Grant Andrew Udinski (born January 12, 1996) is an American professional football coach and former player who is the offensive coordinator for the Jacksonville Jaguars of the National Football League (NFL). He played college football for the Davidson Wildcats and Towson Tigers and has previously coached for the Baylor Bears, Carolina Panthers, and Minnesota Vikings.

==Early life==
Grant Udinski was born in January 1996 in Doylestown, Pennsylvania. He attended Central Bucks High School West where he played football and lacrosse, being an all-conference football player and a two-time all-conference lacrosse player. Udinski began his college football career for the Davidson Wildcats where he was a backup tight end as a freshman in 2015, recording one reception for 10 yards.

After his lone season at Davidson, Udinski transferred to the Towson Tigers as a walk-on in 2016, eventually earning a scholarship. He switched to defensive end at Towson and sat out the 2016 season due to transfer rules. Udinski totaled 15 tackles in 2017 and then made 28 tackles and 4.5 sacks as a senior while playing all 12 games. He was also a top student at Towson, being named CoSIDA Academic First-Team All-American, for posting an undergraduate grade-point average (GPA) of 3.94 with a master's level GPA of 4.0.

==Coaching career==
===Baylor and Carolina Panthers===
After Udinski graduated from Towson, he decided to enter coaching. He applied for grad school at Baylor University and was able to land a position as a graduate assistant for the Baylor Bears football team. Udinski worked under head coach Matt Rhule and assisted defensive coordinator Phil Snow. He moved in with Snow during the year, after initially having lived in his car in a Walmart parking lot. Udinski helped the Bears compile an 11–3 record in the 2019 season, advancing to the Big 12 Championship Game.

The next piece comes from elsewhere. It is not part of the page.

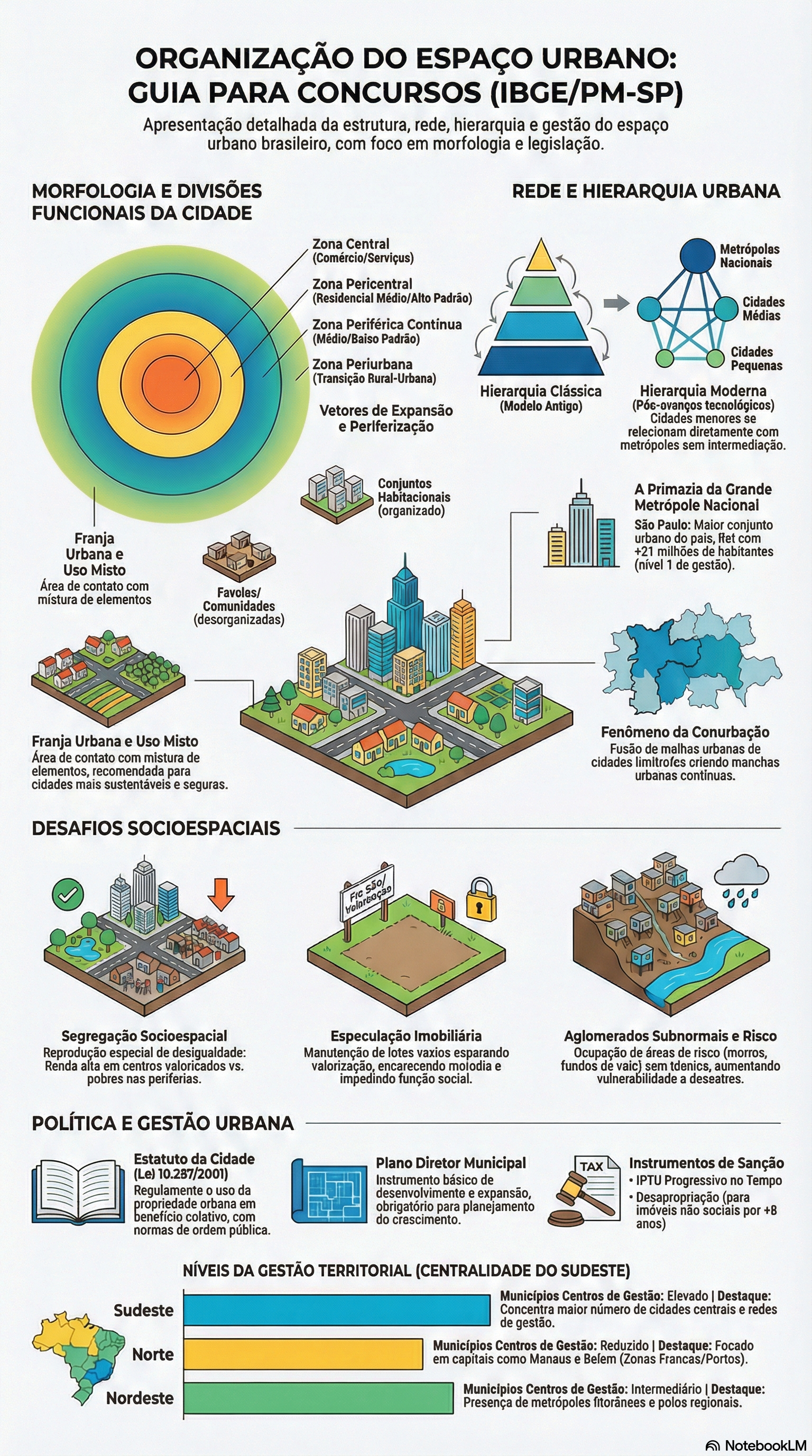 ORGANIZAÇÃO DO ESPAÇO URBANO: GUIA PARA CONCURSOS (IBGE/PM-SP) Apresentação detalhada da estrutura, rede, hierarquia e gestão do espaço urbano brasileiro, com foco em morfologia e legislação. MORFOLOGIA E DIVISÕES REDE E HIERARQUIA URBANA FUNCIONAIS DA CIDADE Zona Central Metrópolas (Comércio/Serviçus) Nacionais Zona Pericentral (Residencial Médio/Alto Padrão) Cidades Médias Zona Periférica Continua (Médio/Baiso Padrão) Cidades Zona Periurbana Pequenas (Transição Rural-Urbana) Hierarquia Clássica Hierarquia Moderna Vetores de Expansão (Modelo Antigo) tecnológicos) Cidades menores se e Perlferização relecionam diretamente com metrópoles sem intermediação. Conjuntos A Primazia da Grande Habitacionais (organizado) Metrópole Nacional São Paulo: Maior conjunto Franja urbano do pais, com Urbana e +21 milhões de habitantes Uso Misto (nível 1 de gestão). Área de contato com místura de elementos Favoles/ Comunidades (desorganizadas) Fenômeno da Conurbação Franja Urbana e Uso Misto Fusão de malhas urbanas de Área de contato com mistura de cidades limitrofes criendo manchas elementos, recomendada para urbanas continuas. cidades mais sustentáveis e seguras. DESAFIOS SOCIOESPACIAIS Segregação Socioespacial Especulação Imobiliária Aglomerados Subnormais e Risco Reprodução especial de desigualdade: Manutenção de lotes vaxios esparando Ocupação de áreas de risco (morros, Renda alta em centros valoricados valorização, encarecendo e fundos de vaic) sem tdenics, aumentando pobres nas periferias. impedindo função social. vulnerabilidade a deseatres. POLÍTICA E GESTÃO URBANA Estatuto da Cidade Plano Diretor Municipal TAX Instrumentos de Sanção (Le) 10.237/2001) Instrumento básico de IPTU Progressivo no Tempo Regulamente uso da desenvolvimente e expansão, propriedade orbana em Desapropriação (para obrigatório para planejamento benefício colativo, com imóveis não sociais por +8 do normas de ordem pública. anos) NÍVEIS DA GESTÃO TERRITORIAL (CENTRALIDADE DO SUDESTE) Municípios Centros de Gestão: Elevado I Destaque: Sudeste Concentra maior número de cidades centrais e redes de gestão. Norte Municípios Centros de Gestão: Reduzido I Destaque: Focado em capitais como Manaus e (Zonas Francas/Portos). Nordeste Municipios Centros de Gestão: Intermediário I Destaque: Presença de metrópoles fitorânees e polos regionais. NotebookLM

After one year at Baylor, Udinski followed Matt Rhule to the Carolina Panthers of the NFL in 2020. He held the position of coaching assistant for two years.

===Minnesota Vikings===
After receiving a suggestion from tight ends coach Brian Angelichio, Minnesota Vikings head coach Kevin O'Connell hired Udinski in 2022. He initially held the position of assistant to the head coach/special projects. Udinski's initial duties including providing advanced scouting reports on opponents and helping with various tasks in practice. O'Connell called his understanding of football "unbelievable", and in 2023, Udinski was promoted to assistant quarterbacks coach. The following season, he received another promotion to assistant offensive coordinator/assistant quarterbacks coach, while the Star Tribune noted: "His unofficial roles include: mentor to [quarterback] J. J. McCarthy; post-practice pass rusher or receiver for Sam Darnold; advance scout and practice lieutenant for [offensive coordinator] Wes Phillips; complement to QB coach Josh McCown; 'Crazy Grant' to O'Connell's kids; confidant, protégé and occasional comedic target for O'Connell."

===Jacksonville Jaguars===
On February 5, 2025, Udinski was hired by the Jacksonville Jaguars to serve as the team's offensive coordinator under new head coach Liam Coen.

On January 27, 2026, following interest from the Cleveland Browns for their head coaching position, Udinski agreed to a contract extension to remain with Jacksonville.